Material provided:
►
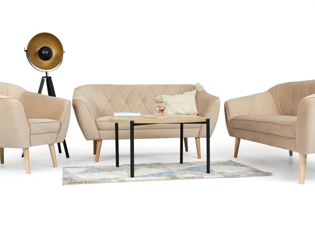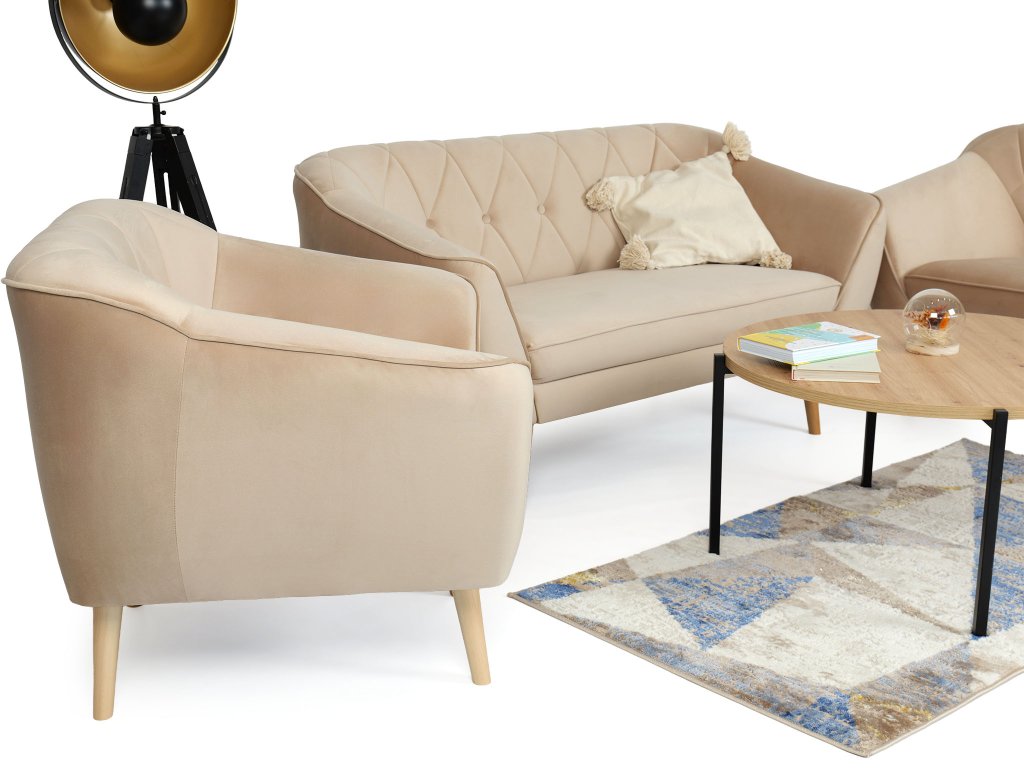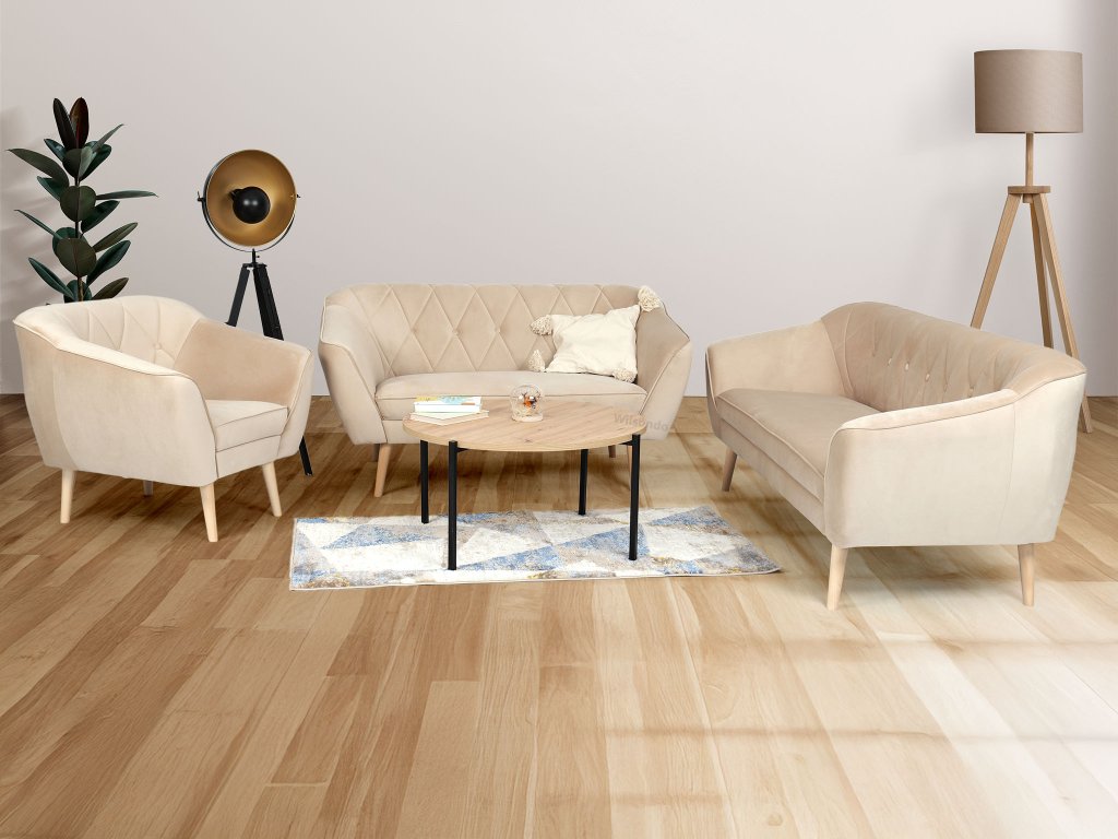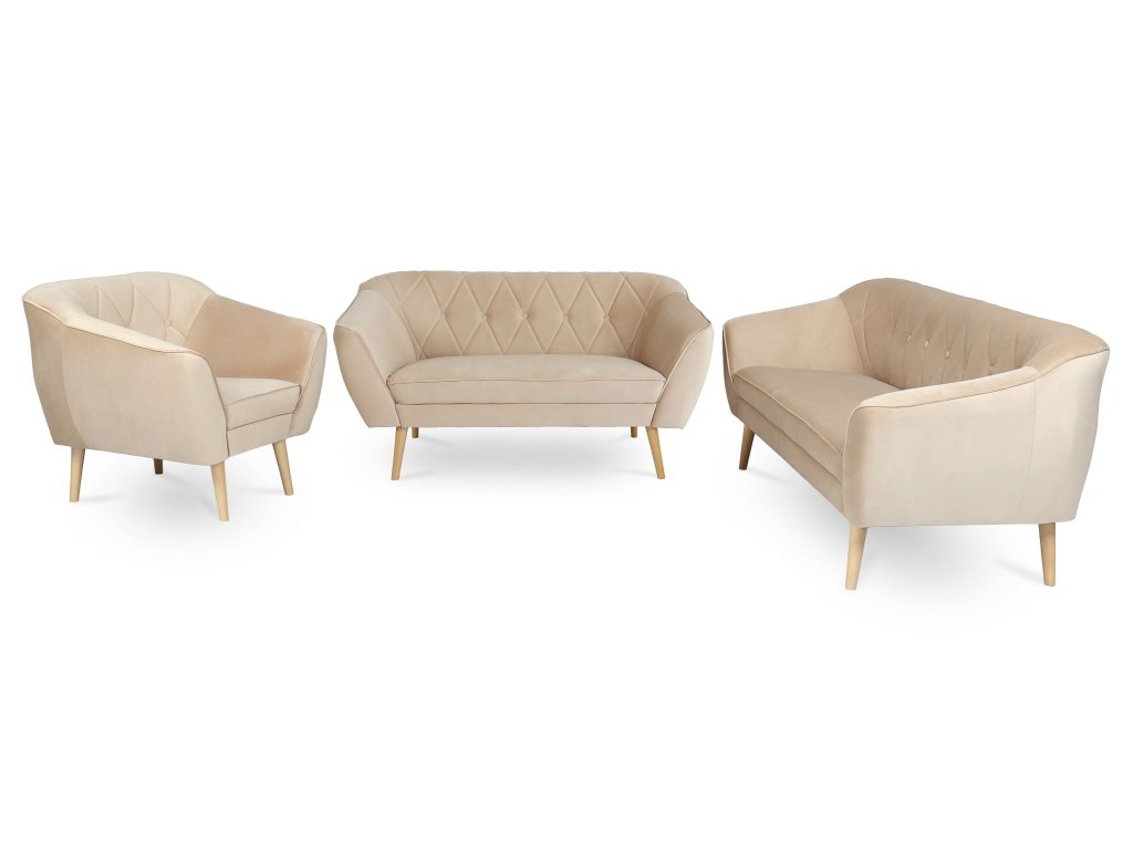 Sedacia súprava Deana v pieskovej farbe s drevenými nožičkami
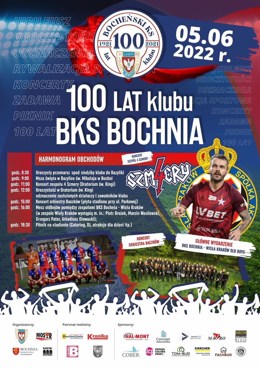 Dziś zaplanowano obchody 100-lecia Bocheńskiego Klubu Sportowego. W programie wydarzenie mnóstwo atrakcji, wisienką na torcie będzie spotkanie, w którym Złota Jedenastka BKS zmierzy się z Oldbojami słynnej Wisła Kraków. Patronat nad wydarzeniem sprawuje portal BochniazBliska.pl
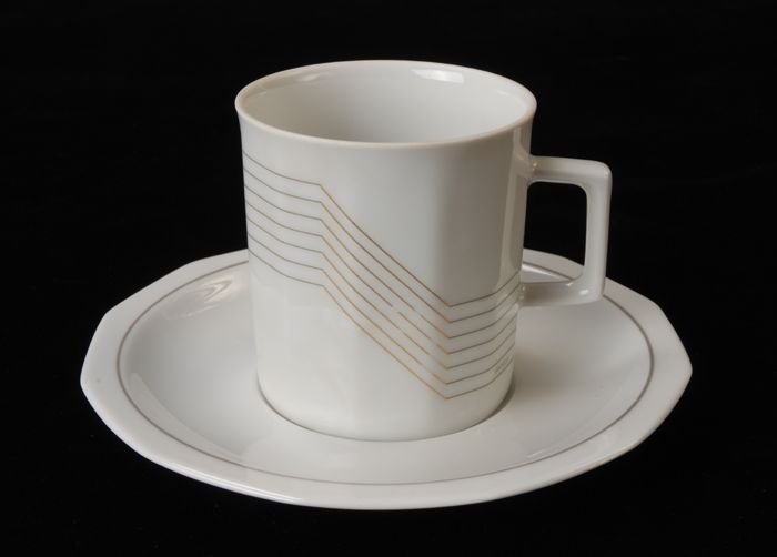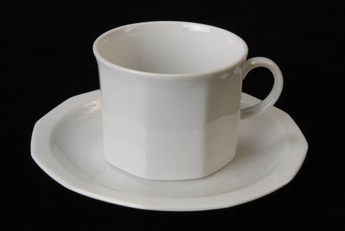Halfhoge kop en schotel van Van Nelle, wit, in hoeki...
◄
Please set down every line of the listing verbatim, excluding its pictures.

 Sedacia súprava Deana v pieskovej farbe s drevenými nožičkami
 Dziś zaplanowano obchody 100-lecia Bocheńskiego Klubu Sportowego. W programie wydarzenie mnóstwo atrakcji, wisienką na torcie będzie spotkanie, w którym Złota Jedenastka BKS zmierzy się z Oldbojami słynnej Wisła Kraków. Patronat nad wydarzeniem sprawuje portal BochniazBliska.pl
Halfhoge kop en schotel van Van Nelle, wit, in hoeki...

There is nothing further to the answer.